Things to take into account:

When a query is run, but no cache exists, we can perform the check live, and cache the result
We should update the data source state in the air with a pending state during these operations. When all caches are warm then we can make the data source fully online
If there are multiple cloaks that serve a data source, then those that are fully online should be chosen preferentially

The basic implementation has been done in #2753. Here are the remaining things to do:

[X] add periodic recomputation
[x] add some tests for the cache process
[x] fix isolation crashes on other data sources
[x] fix isolation crashes for virtual tables
[x] use cache process in all tests (unit and compliance), to ensure that isolation doesn't break on other data sources - I made it only use the cache in compliance, as the data sources are static there, making it easy to manage, while in regular tests we create a bunch of tables on the flu (yapee)
[x] persist the cache to avoid repriming on restart
[x] ~~improve efficiency with multiple cloaks~~ Extracted to 18.4 as #2791
[x] update data source state in air with whether the data source is ready or not

sebastian commented 6 years ago

This work should target the anonymization branch (it's a branch off of master in order to allow us to make intermediate releases that do not have half-baked anonymization fixes in place).

sebastian commented 6 years ago

Also see: https://github.com/Aircloak/aircloak/pull/2737#discussion_r190593470

sebastian commented 6 years ago

Also relevant comment on multiple levels of caching needed for date's, and datetime's: https://github.com/Aircloak/aircloak/issues/2485#issuecomment-392073797

I.e. a date(time) might be isolating at the level of a second, but not at the level of an hour etc.

sasa1977 commented 6 years ago

@sebastian @obrok I have a couple of points I'd like to discuss here.

Checking of the column's isolated property is a potentially long running operation. It involves two queries per column, which are probably going to run reasonably fast on SQL databases, but I'm not sure about MongoDb.

The first thing I wonder is how much parallelism should we use here. If we issue too much queries in parallel, we could overload the client's database and cause a denial of service. If we run just one query at a time, it could become quite long until we fetch all the stats.

This leads me to the second question. What should we do if the column isolated property is not computed. We could wait until we have that property, but that could take awhile, e.g. if we're running just one query at a time, and the column is the last one in the queue.

Alternatively, we could compute isolated property on demand. But that could increase the query running time.

Yet another option is to simply proclaim that the column is isolated, until we know better.

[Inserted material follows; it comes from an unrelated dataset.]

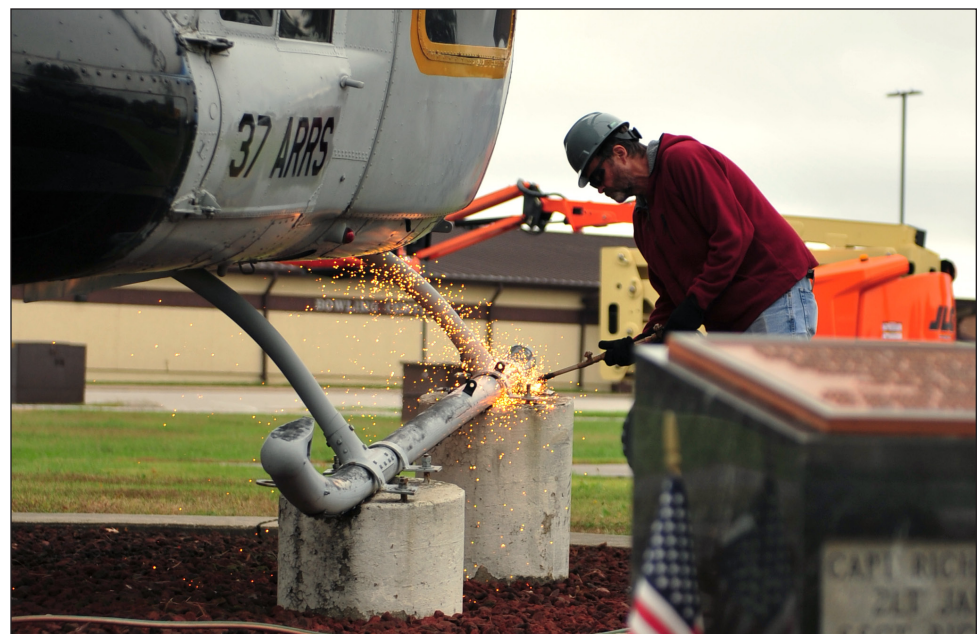
ABOVE: A member of Team Whiteman torches the bolts of a harness holding in place a memorial aircraft at Whiteman Air Force Base, Mo., Oct. 12, 2016. The memorial was placed as a reminder to service members of the ultimate sacrifice Airmen make for peace and freedom.

Finally, we could have some hybrid scheme, in which on boot we form the queue for computing isolated property, but if some query demands it, we promote the required columns to the top of the queue. This would give us the best of all worlds, but it would require some complexity.

Finally, the question is how often should we recompute the isolated property? My first thought would be not to often, e.g. once per day.

Thoughts?

obrok commented 6 years ago

Finally, we could have some hybrid scheme, in which on boot we form the queue for computing isolated property, but if some query demands it, we promote the required columns to the top of the queue. This would give us the best of all worlds, but it would require some complexity.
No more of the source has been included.